Xiaomi MiMO-V2-Flash
Xiaomi MiMO-V2-Flash: Overview
Xiaomi MiMO-V2-Flash is a cutting-edge open-source Mixture-of-Experts (MoE) large language model (LLM) developed by Xiaomi, released on December 16, 2025. It represents a significant advancement in efficient AI inference, combining frontier-level performance with high-speed processing and low costs. Designed primarily for reasoning, coding, agentic tasks, and long-context applications, it builds on Xiaomi's earlier MiMO efforts and is positioned as a competitive alternative to models like DeepSeek-V3.2 and Claude Sonnet 4.5. The model is fully open-sourced under the MIT license, making it accessible for research and deployment.
Key Features and Technical Specifications
- Parameters: 309 billion total parameters, with only 15 billion active per forward pass—enabling massive scale without proportional compute demands.
- Context Window: Up to 256,000 tokens, supporting extended agent interactions, tool calls, and multi-turn conversations.
- Inference Speed: Up to 150 tokens per second, with a 2.0–2.6× speedup via native Multi-Token Prediction (MTP).
- Cost Efficiency: $0.1 per million input tokens and $0.3 per million output tokens (assuming a 3:1 input/output ratio).
- Training Data: Trained on 27 trillion tokens in FP8 mixed precision for efficiency.
- Modes: Supports a "hybrid thinking mode" for step-by-step reasoning or instant responses, toggleable by users.
- Multilingual Focus: Strong performance in Chinese and English, with emphasis on agentic workflows like web development and code generation.
Architecture
MiMO-V2-Flash employs a hybrid attention mechanism to balance efficiency and long-context capability:
- Sliding Window Attention (SWA) with an aggressive 128-token window for local focus.
- Global Attention (GA) interleaved in a 5:1 ratio (GA:SWA) across 8 hybrid blocks.
- Learnable Attention Sink Bias: Maintains performance over ultra-long contexts.
- Multi-Token Prediction (MTP) Module: A lightweight 0.33B-parameter addition per block using dense Feed-Forward Networks (FFNs) and SWA. It enables self-speculative decoding, accepting 2.8–3.6 tokens per draft for faster generation.

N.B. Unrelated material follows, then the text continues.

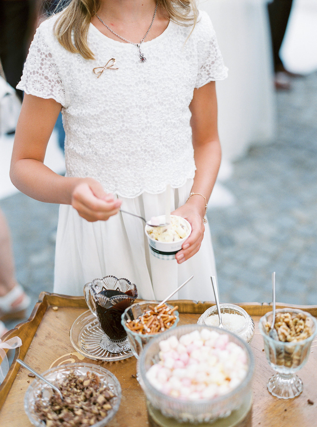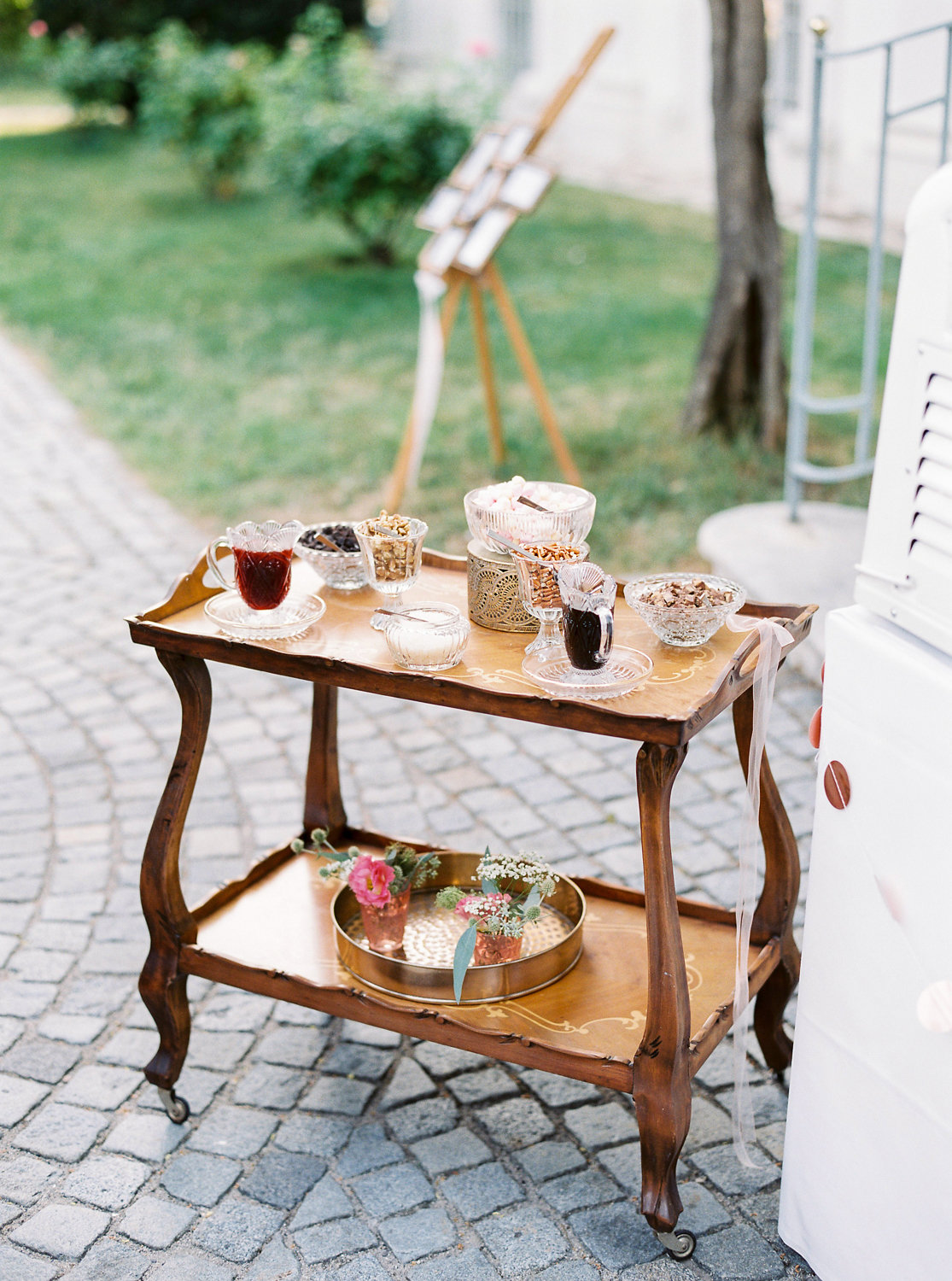 Abkühlen können sich die Gäste draußen bei der Agape mit Eis – dazu gibt es eine Menge unterschiedlicher Toppings, die ich auf einem antiken Servierwagen angerichtet habe.
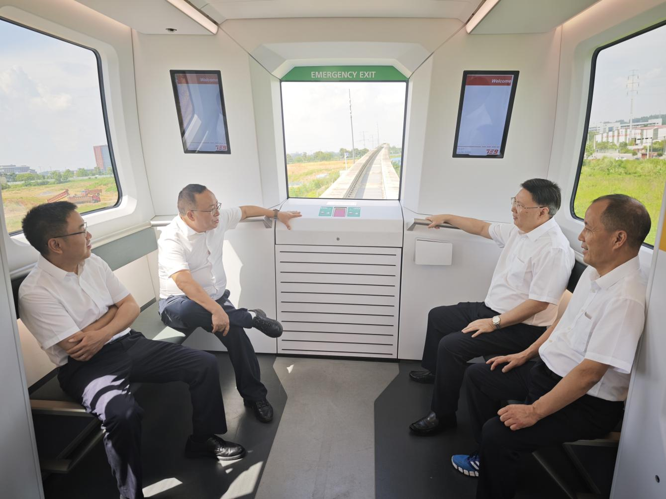 隨后,丁應(yīng)虎副書記一行來(lái)到新筑股份磁浮綜合試驗(yàn)線基地,試乘體驗(yàn)了三編組內(nèi)嵌式中低速磁浮列車。

- Post-Training: Uses MOPD (Multi-Teacher Online Policy Distillation), an efficient on-policy method that distills knowledge from multiple expert teachers with <1/50th the compute of traditional Supervised Fine-Tuning (SFT) + Reinforcement Learning (RL) pipelines. This supports continuous self-improvement.
The base model (MiMo-V2-Flash-Base) is also released, allowing fine-tuning for specialized tasks.
Benchmarks and Performance Comparisons
MiMO-V2-Flash excels in open-source rankings, particularly in coding and agentic benchmarks, often matching or surpassing closed-source leaders like GPT-5 and Gemini 3.0 Pro. It ranks #1 among open-source models on SWE-Bench and leads in math/reasoning tasks like AIME 2025.
Here's a summary of key benchmarks (post-training version):
| Benchmark Category | Specific Benchmark | MiMO-V2-Flash Score | DeepSeek-V3.2 | K2-Thinking | Claude Sonnet 4.5 | GPT-5 (High) | Gemini 3.0 Pro |
|---|---|---|---|---|---|---|---|
| Reasoning | MMLU-Pro | 84.9 | 85.0 | 84.6 | 88.2 | 87.5 | 90.1 |
| GPQA-Diamond | 83.7 | 82.4 | 84.5 | 83.4 | 85.7 | 91.9 | |
| AIME 2025 | 94.1 | 93.1 | 94.5 | 87.0 | 94.6 | 95.0 | |
| HMMT Feb. 2025 | 84.4 | 92.5 | 89.4 | 79.2 | 88.3 | 97.5 | |
| Coding | LiveCodeBench-v6 | 80.6 | 83.3 | 83.1 | 64.0 | 84.5 | 90.7 |
| SWE-Bench Verified | 73.4 | 73.1 | 71.3 | 77.2 | 74.9 | 76.2 | |
| SWE-Bench Multilingual | 71.7 | 70.2 | 61.1 | 68.0 | 55.3 | — | |
| Agentic Tasks | Terminal Bench Hard | 30.5 | 35.4 | 30.6 | 33.3 | 30.5 | 39.0 |
| τ²-Bench | 80.3 | 80.3 | 74.3 | 84.7 | 80.2 | 85.4 | |
| Long Context | LongBench V2 | 60.6 | 58.4 | 45.1 | — | — | 65.6 |
| MRCR | 45.7 | — | 44.2 | — | — | 89.7 | |
| General | Arena-Hard (Hard Prompt) | 54.1 | 53.4 | 71.9 | 63.3 | 71.9 | 72.6 |
- Strengths: Tops open-source in SWE-Bench (coding resolution) and AIME (math), with long-context outperforming full-attention models like K2-Thinking.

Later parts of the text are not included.